Re: Apache Arrow build with needed dependencies only

Posted by Wes McKinney <we...@gmail.com>.
I just opened https://issues.apache.org/jira/browse/ARROW-7089 about
increasing transparency around what options are causing thirdparty
dependencies to be required

On Thu, Nov 7, 2019 at 10:05 AM Wes McKinney <we...@gmail.com> wrote:
>
> hi Richard,
>
> On Thu, Nov 7, 2019 at 9:59 AM Richard Bachmann
> <ri...@cern.ch> wrote:
> >
> > Hello,
> > I'm contacting you on behalf of the LCG Releases team at CERN. We
> > provide a common software stack for LHCb, ATLAS and others to be used at
> > CERN and the worldwide computing grid.
> >
> > Right now we're looking into optimizing the way we're building Apache
> > Arrow (C++ & Python) and its dependencies.
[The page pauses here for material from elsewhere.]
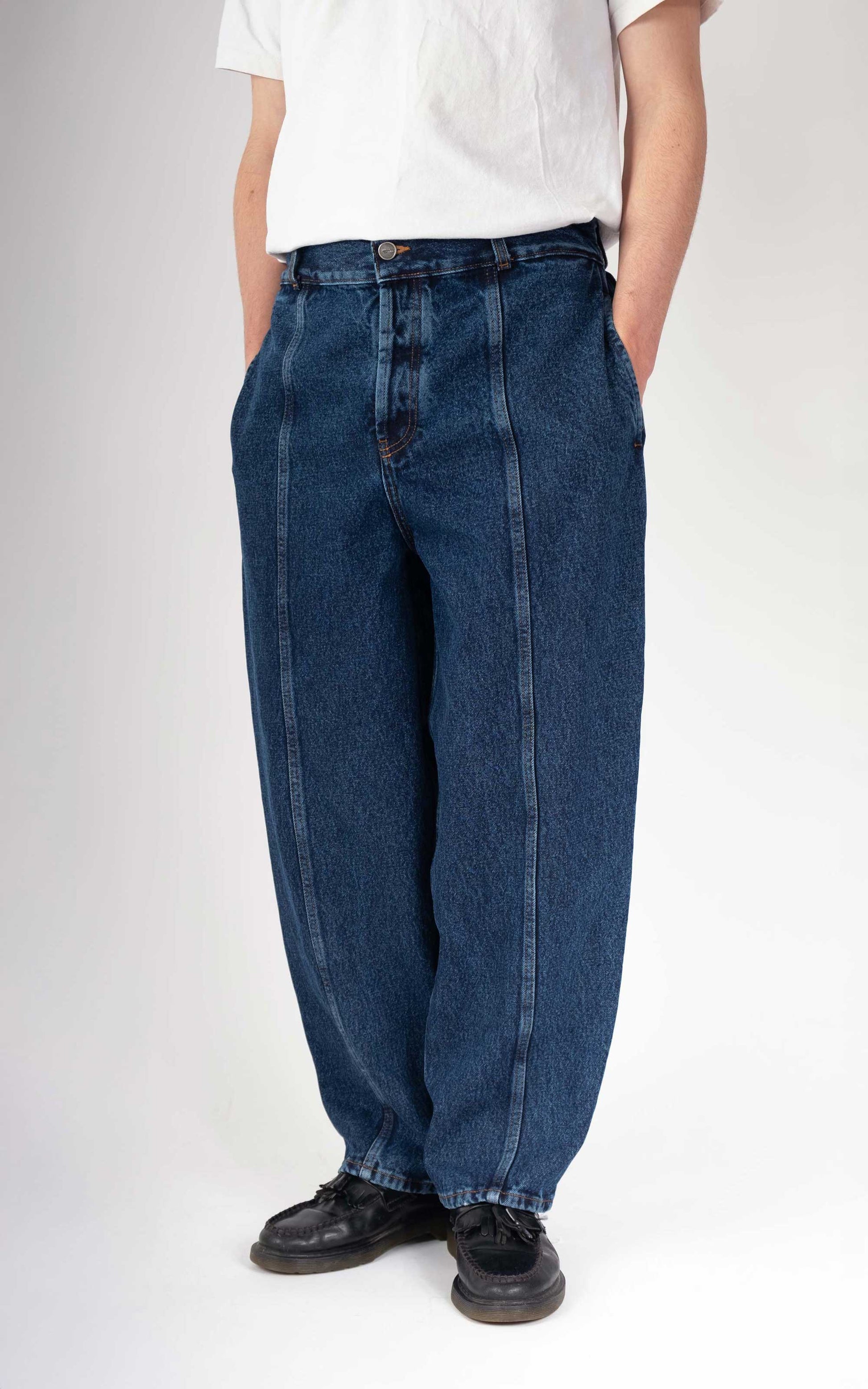 Made with 100% cotton denim , it offers a thick and durable fabric for a perfect fit and a super comfortable balloon cut . At the back, two large original pockets add a unique touch, while the front remains simple with two discreet pockets.

Ideally we'd like to build
> > Arrow using only the minimum of necessary dependencies to run it, and to
> > use packages already installed in the stack to fulfill these
> > dependencies. The former would be nice to keep the stack clean, the
> > latter would help us avoid duplication and failing builds due to mirrors
> > going offline.
> >
> > Our builds currently run with the ARROW_DEPENDENCY_SOURCE=AUTO
> > <https://github.com/apache/arrow/blob/master/docs/source/developers/cpp.rst>
> > setting, which results in duplicate and non-essential packages being
> > downloaded by Arrow, as well as dependency on external mirrors. Setting
> > it to SYSTEM allows us to avoid the downloads, but then the build
> > process fails due to missing unused dependencies.
>
> I'm surprised to hear this based on what I know about the build system
> and from extensive local development.
>
> Can you show the exact CMake invocation you are using and indicate
> which unused dependencies are being downloaded?
>
> In this Docker minimal build (unless something has been recently
> broken) that the project can be built with only a small number of
> third party dependencies:
>
> https://github.com/apache/arrow/tree/master/cpp/examples/minimal_build
>
> Note that we support a fully "offline" build to allow thirdparty
> dependencies to be built in an air-gapped environment
>
> https://github.com/apache/arrow/blob/master/docs/source/developers/cpp.rst#offline-builds
>
> > Do you know if there is a recommended way to achieve this? The problem
> > seems to stem from the fact that all listed dependencies are downloaded,
> > whether they are needed or not. We have considered patching out the
> > non-essential dependencies ('double-conversion', 'GTEST', etc.) from the
> > dependency list, as well as formally adding the unneeded dependencies to
> > the stack in order to run with the SYSTEM setting. However, if there is
> > a proper way to do it we would of course prefer to follow that course of
> > action.
>
> We'll be able to know more based on how you're calling CMake and with
> what options, but the build system should not be downloading any
> dependencies that are not needed.
>
> >
> > Any help would be very appreciated.
> > Kind regards:
> >
> >      - Richard Bachmann
> >

Re: Apache Arrow build with needed dependencies only

Posted by Wes McKinney <we...@gmail.com>.
hi Richard,

On Thu, Nov 7, 2019 at 9:59 AM Richard Bachmann
<ri...@cern.ch> wrote:
>
> Hello,
> I'm contacting you on behalf of the LCG Releases team at CERN. We
> provide a common software stack for LHCb, ATLAS and others to be used at
> CERN and the worldwide computing grid.
>
> Right now we're looking into optimizing the way we're building Apache
> Arrow (C++ & Python) and its dependencies. Ideally we'd like to build
> Arrow using only the minimum of necessary dependencies to run it, and to
> use packages already installed in the stack to fulfill these
> dependencies. The former would be nice to keep the stack clean, the
> latter would help us avoid duplication and failing builds due to mirrors
> going offline.
>
> Our builds currently run with the ARROW_DEPENDENCY_SOURCE=AUTO
> <https://github.com/apache/arrow/blob/master/docs/source/developers/cpp.rst>
> setting, which results in duplicate and non-essential packages being
> downloaded by Arrow, as well as dependency on external mirrors. Setting
> it to SYSTEM allows us to avoid the downloads, but then the build
> process fails due to missing unused dependencies.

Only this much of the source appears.